For the Haskell community specifically, the implication is sharper. The community has unusual leverage in shaping the next decade of agentic software development, and the leverage is greatest in workloads where iteration economics dominate. The technical pieces are largely already built. The remaining work is integrative — pulling Liquid Haskell forward to track current GHC versions, publishing curated stacks, tuning documentation and project templates for the agentic case, resisting the cultural tendency toward expressive pluralism in favor of coherence at the high-level abstraction layer. None of this is research-grade work. It is engineering and community organization, which is the kind of work the Haskell community has historically been less good at than the languages it sometimes loses to. The window is finite. Other languages will adapt. The opportunity is not that Haskell will remain uniquely positioned forever; the opportunity is that it is uniquely positioned now, and that the actions required to convert the position into market share are within reach.
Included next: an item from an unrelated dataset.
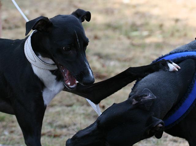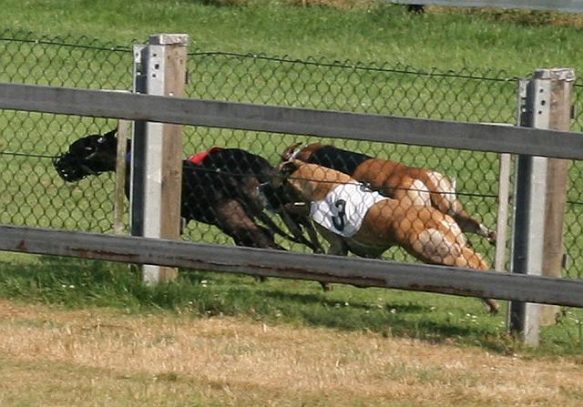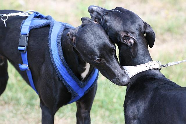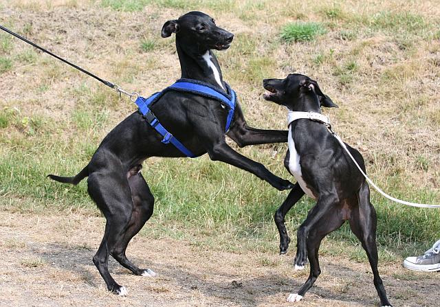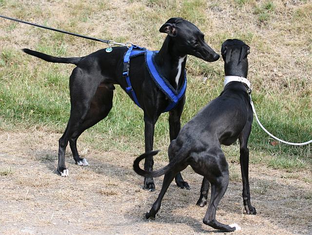 11.07.2010 Verbandsiegerrennen KölnAm Vortag waren wir angereist, die Temperaturen waren einfach mörderisch. In der Nacht ein Gewitter, dessen weniger Regen wenig Abkühlung, dafür aber mehr Schwüle am nächsten Tag brachte. Wir alle begrüssten es sehr, dass der Rennbeginn auf 7:00 Uhr vorgezogen wurde. Iuju hatte Lauf 4, zusammen mit Culann's Keelin, Ghan buri ghan's Gwiv Avel und Culann's Kimba Lee. Iuju wurde Box 6 zugelost, das war für mich ok, aber Iuju hatte da einen ziemlich schlechten Start und kam ewig nicht richtig vorwärts, so trudelte sie als Vierte mit 26,57 Sekunden ins Ziel. Das war die 10. Zeit der 15 am Start befindlichen Hündinnen. Welcher Teufel mich geritten hat, Iuju nun noch in den fakultativen zweiten Vorlauf zu setzen, weiss ich nunmehr nicht mehr. Fakt ist, das sie gegen Nadua vom Leineufer, Ulani el Schiras und Ghan buri ghan's Hazel Shade lief, und ausgerechnet letzterer auf der Gegengeraden laut Bahnbeobachter leider mehr als nur ein freundliches Lächeln zeigte, als Hazel sich zum Überholen aufmachen wollte. Warum das so passiert ist, da kann ich nur mutmassen, Iuju hat es mir nicht erzählen wollen. War es zu warm? Die Pause zwischen den Läufen zu kurz für Iuju? Bin ich zu ehrgeizig? Ist sie immer noch nachhitzebeeinträchtigt? Tut ihr was weh? Ich werde es wohl nie erfahren. Es ist leider Tatsache, dass ich da einen grossen Fehler gemacht habe, dessen Folgen nun zwei kleine Whippetmädchen trafen - Hazel, weil sie ihre Vorlaufzeit nicht verbessern konnte und deshalb nicht ins Finale einziehen konnte, und Iuju, die nun ihre erste DIS auf der Rennbahn hat. Jetzt ist erstmal Rennpause, ich werde das eine oder andere Mitarbeitergespräch mit Iuju führen und auch sonst versuchen, Iuju wieder auf gewohnte saubere Pfade zurückzuführen. Dieses Bild ist kurz vor der Situation aufgenommen, Iuju eine Kopflänge vor Hazel und dahinter Nadua und Ulani.

The bet the essay is asking the reader to make, if the reader is in a position to make it, is this: invest in the three-tier substrate now, before the alternatives catch up, on the wager that the partnership-fit advantage will compound faster than the data-abundance advantage of mainstream languages. The wager could lose. Inference costs could fall faster than expected, or verifier-agents could mature into substitutes for compile-time verification, or the curation effort could fail to coalesce. But if the wager wins — and the structural argument suggests it should — the community that placed it early will own the substrate the next generation of software is built on, in workloads measured in trillions of dollars of economic activity. That is a bet worth thinking carefully about, and one the conventional discourse is not yet thinking about at all.